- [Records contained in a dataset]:
━━━━━━━━━━━━━━━━━━━━━━━━━━━━━━

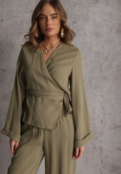 Zielona Wiskozowa Bluzka z Kopertowym Dekoltem i Wiązaniem z Boku Velarila
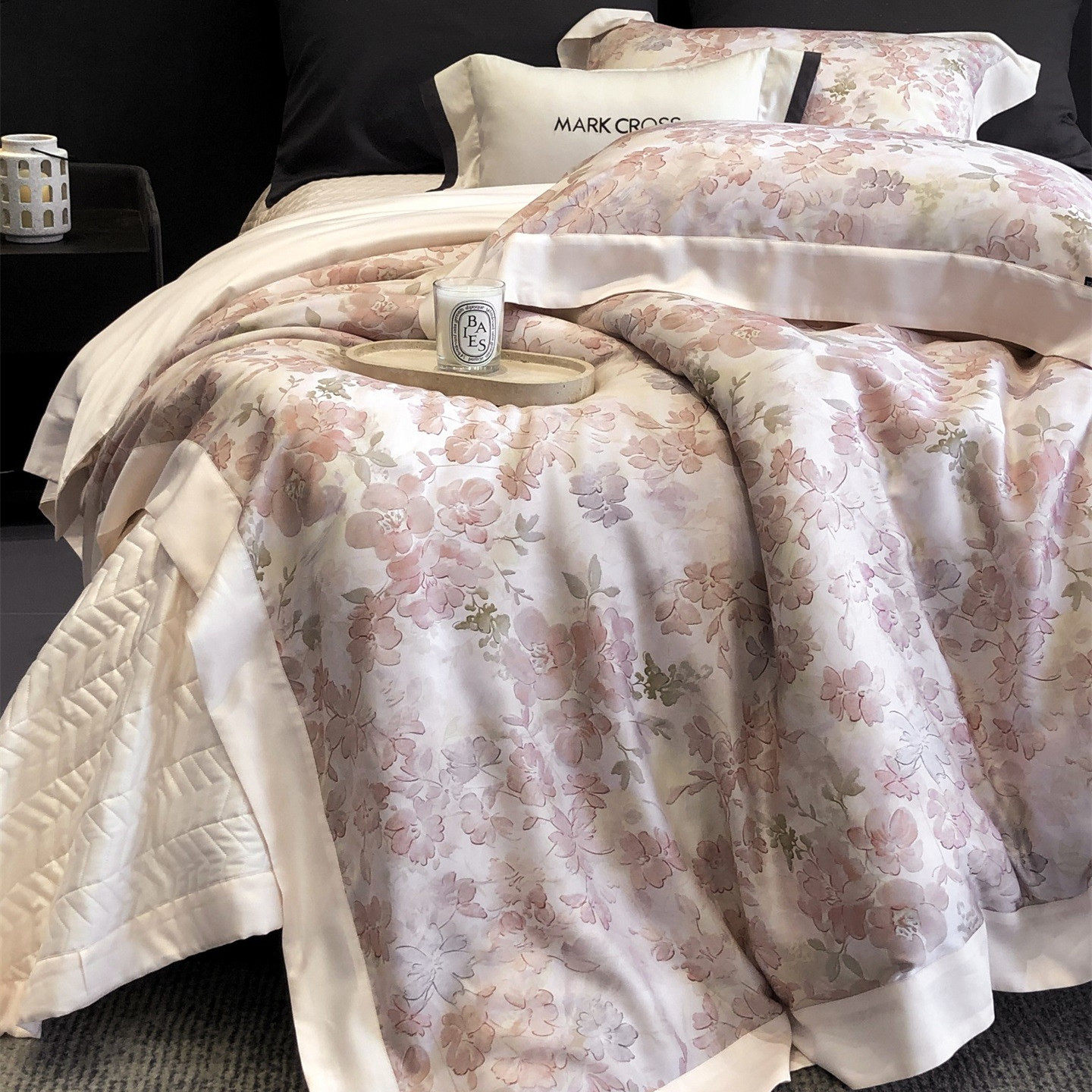 厂家直发【樱花风铃】奶基米印花床盖四件套莱赛尔纯天丝磨毛床品
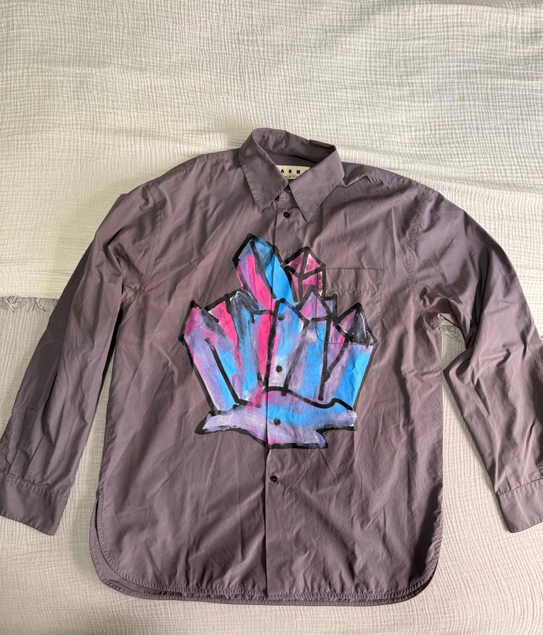 Mor renkli, uzun kollu, düğmeli ve yakalı gömlek. Ön kısmında baskılı desen vardır. Rahat ve bol kesim, günlük kullanıma uygundur. Oldukça şık ve markayı bilenler için efsane bir üründür. İki koltuk altı 60 cm boy 78 cm
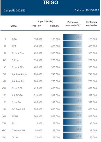 Finalmente, la falta de precipitaciones y las frecuentes heladas sobre Sudeste de Buenos Aires continúan condicionando el crecimiento del cultivo y ya se prevén mermas en los rendimientos. A la fecha, un 15 % de los cuadros se encuentra en plena espigazón. Dicha región juega un rol clave en el aporte a la producción nacional con una participación media del 15,2 % del total durante las últimas cinco campañas.
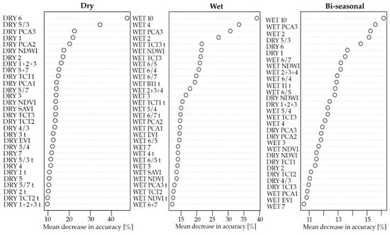 The relative importance of the 30 most important predictors in the RF with secondary forest data resembles closely that of the previous models. The thermal band as well as PCA3, single bands, and indices sensitive to differences in forest stand parameters were important [48]. The only significant difference is that the bi-seasonal model used more variables from the wet season (17) than from the dry season (13) compared to the equal number of variables from each season used in RF with no secondary forest data (Figure 7).
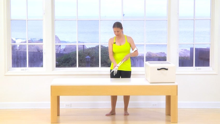 If you have a really luxurious, soft, thick mat, the heels of your hands are going to sink down. So that might not be the best option. So you wanna just take a look, take a look at that and that will help you. Um, sometimes it seems strange, but a hard surface, a hard floor is actually more comfortable because you can get that support. Uh, what you have on the apparatus when you're using the apparatus is, especially on the foot bar, you have the capacity to move your hand all around the foot bar. So make sure you're not setting your hand up on the foot bar where it's low, your wrist is low, get your hand up on top. And again, if you send your fingers out, you spread them out in that direction. Again, you're going to start to get that Koch contraction around your forearm, less pain, less discomfort. One more thing you can try for this. If you have a box or you have something at home that is around this height, could be anything even a footstool. You can take this and you can place your forms on it.
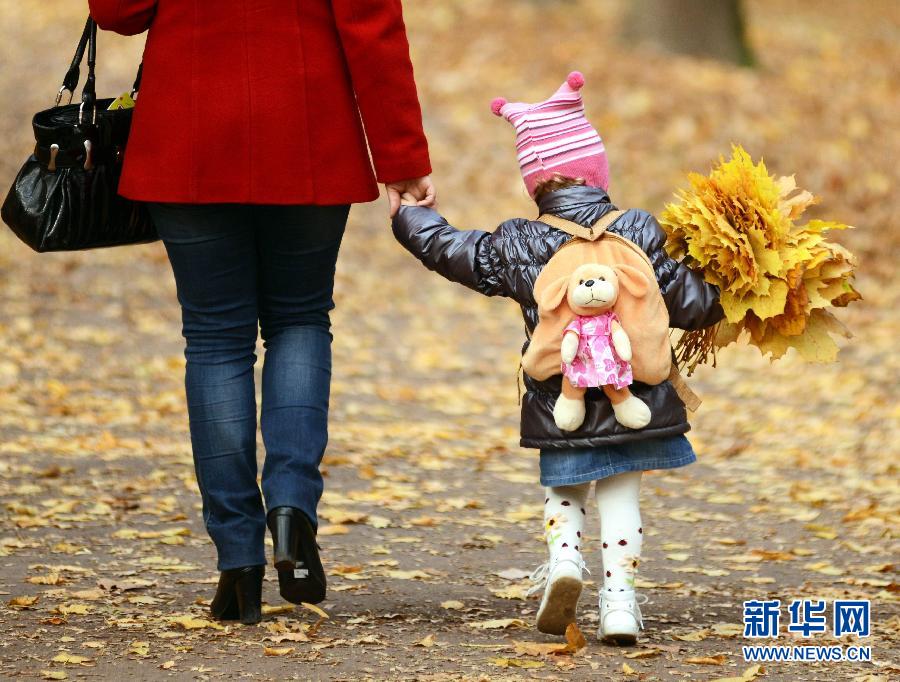 A lovely girl holding a maple walks with a woman in Lviv, west Ukraine. (Xinhua/AFP)
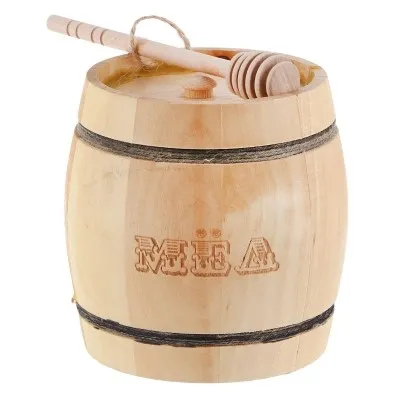 Солидный запас липового меда (650 граммов) в почти настоящей бочке: деревянной, с имитацией обручей и специальной ложкой. Сладость в таком виде – веселый подарок-сувенир на Новый год. И полезный тоже: продукт можно добавлять зимой в чай или глинтвейн, а еще приготовить с ним не один десерт. Например, рождественское печенье, батончики гранолы на завтрак или классический медовик.
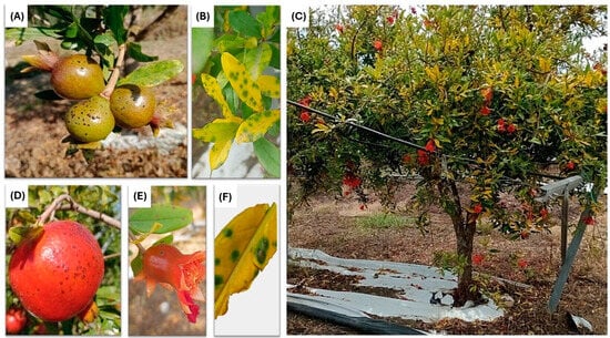 Black and brown spots on fruits, leaves, and flowers of pomegranate. (A) Numerous necrotic spots on fruits; spots become crusty and occasionally coalesce. (B) Pinpoint necrotic spots on young pomegranate leaves. (C) Defoliation of twigs and severe chlorosis of pomegranate leaves and black spots on their surfaces. (D) External symptoms of black spots on fruit. (E) Black spot symptoms on pomegranate flower (F). Close-up image of necrotic spots on leaf.
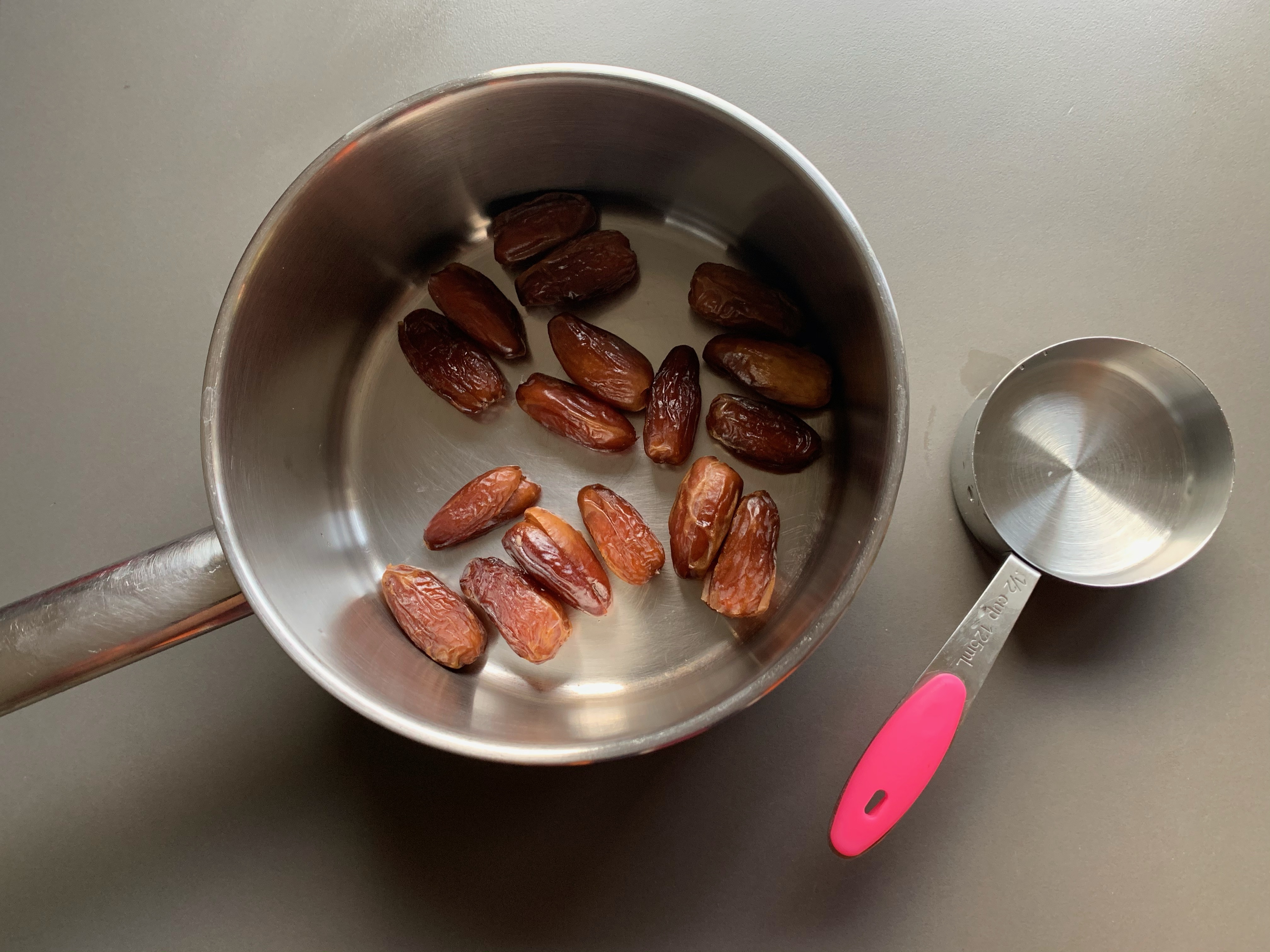 - Put the dates in a sauce pan and add 1/2 cup of water.
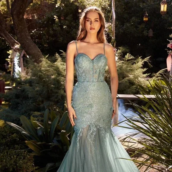 This enchanting mermaid gown is a perfect blend of romance and allure. The sweetheart neckline frames the décolletage with timeless elegance, while a sheer bodice adorned in delicate lace appliqué adds an air of mystery to this otherwise classic silhouette.Fabric: TulleLength: LongColor: SageNeckline: Sweetheart neckSilhouette: MermaidSleeve: Sleeveless, strapsBack: Lace upSkirt: LayeredEmbellishments: Sequins, lace, floral appliqueOccasion: Romantic date/evening/dinner, wedding/bridesmaid, graduation, fashion show, visiting theater/museum/restaurant, banquet, photo shoot, concert, ball gownTAGS: SWEETHEART NECKLINE SEMI-OPEN BACK DRESS, LONG MERMAID DRESS, PLUS SIZE PROM DRESS, SLEEVELESS EVENING DRESS FOR SPECIAL OCCASION, HOLIDAYS, WEEKENDS, PARTY, BRIDESMAID WEDDING, MODERN DRESS, SUPERB, CHIC, FESTIVE, EVENING, GORGEOUS DRESS, FLOOR LENGTH SKIRT, LONG PROM DRESS, GLAMOROUS DRESS, LUXURY DRESS, FASHIONABLE DRESS, EMBELLISHED DRESS, A DELIGHTFUL DRESS, MAXI DRESS FOR FORMAL OCCASION
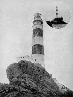 水の子灯台一に日振島と称す周囲三丁余りの小島にして梶寄村よら東北七里の海心にあり古は宇和島佐伯二藩の領境とす燈台は明治三十四年三月起工三十七年三月落成高十八丈余六萬八千八百燭光の旋転燈なり毎三十秒一閃白光を発し二十海里を照す工費弐拾萬円と云本邦第一の一等燈台たり |
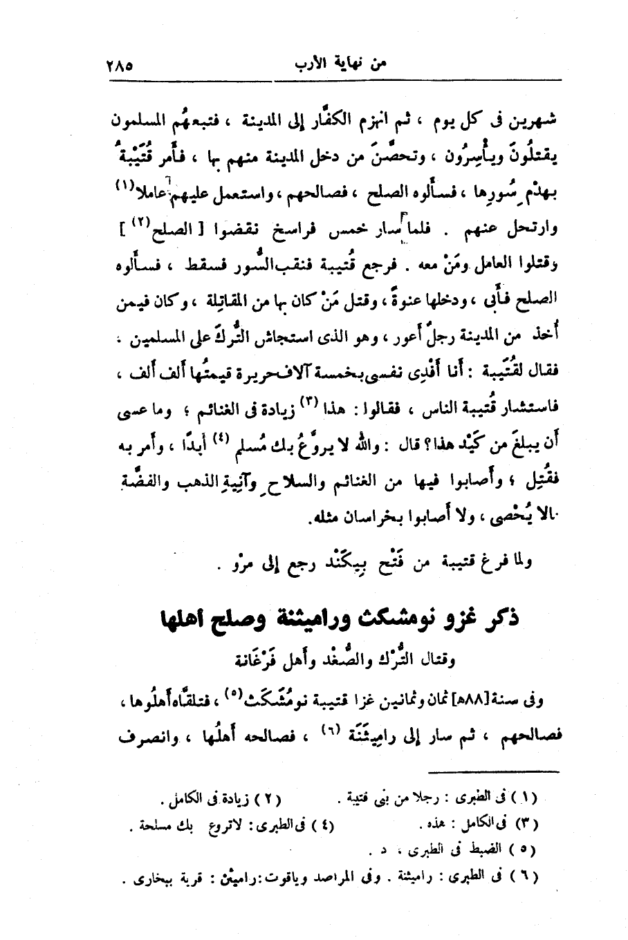 وقتال التّرك والصّغد وأهل فرغانة وفى سنة [88 هـ] ثمان وثمانين غزا قتيبة نومشكث «5» ، فتلقّاه أهلوها، فصالحهم، ثم سار إلى راميثنة «6» ، فصالحه أهلها، وانصرف
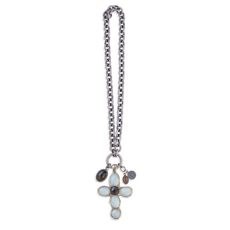 Collar WN101X de PLATADEPALO para mujer, elaborado en plata de ley 925 con colgante en forma de cruz adornado con piedras semipreciosas de tonos blancos, grises y negros. Diseño elegante y delicado, perfecto para complementar looks diarios o especiales. Ideal para amantes de la joyería fina con toques espirituales.

━━━━━━━━━━━━━━━━━━━━━━━━━━━━━━

- [Goal of the exercise]: Please copy the lines exactly, beginning at the one containing "وقتال التّرك والصّغد" and ending at the last line of the records above, both included, with the pictures left out.

- [Answer space]:
 وقتال التّرك والصّغد وأهل فرغانة وفى سنة [88 هـ] ثمان وثمانين غزا قتيبة نومشكث «5» ، فتلقّاه أهلوها، فصالحهم، ثم سار إلى راميثنة «6» ، فصالحه أهلها، وانصرف
 Collar WN101X de PLATADEPALO para mujer, elaborado en plata de ley 925 con colgante en forma de cruz adornado con piedras semipreciosas de tonos blancos, grises y negros. Diseño elegante y delicado, perfecto para complementar looks diarios o especiales. Ideal para amantes de la joyería fina con toques espirituales.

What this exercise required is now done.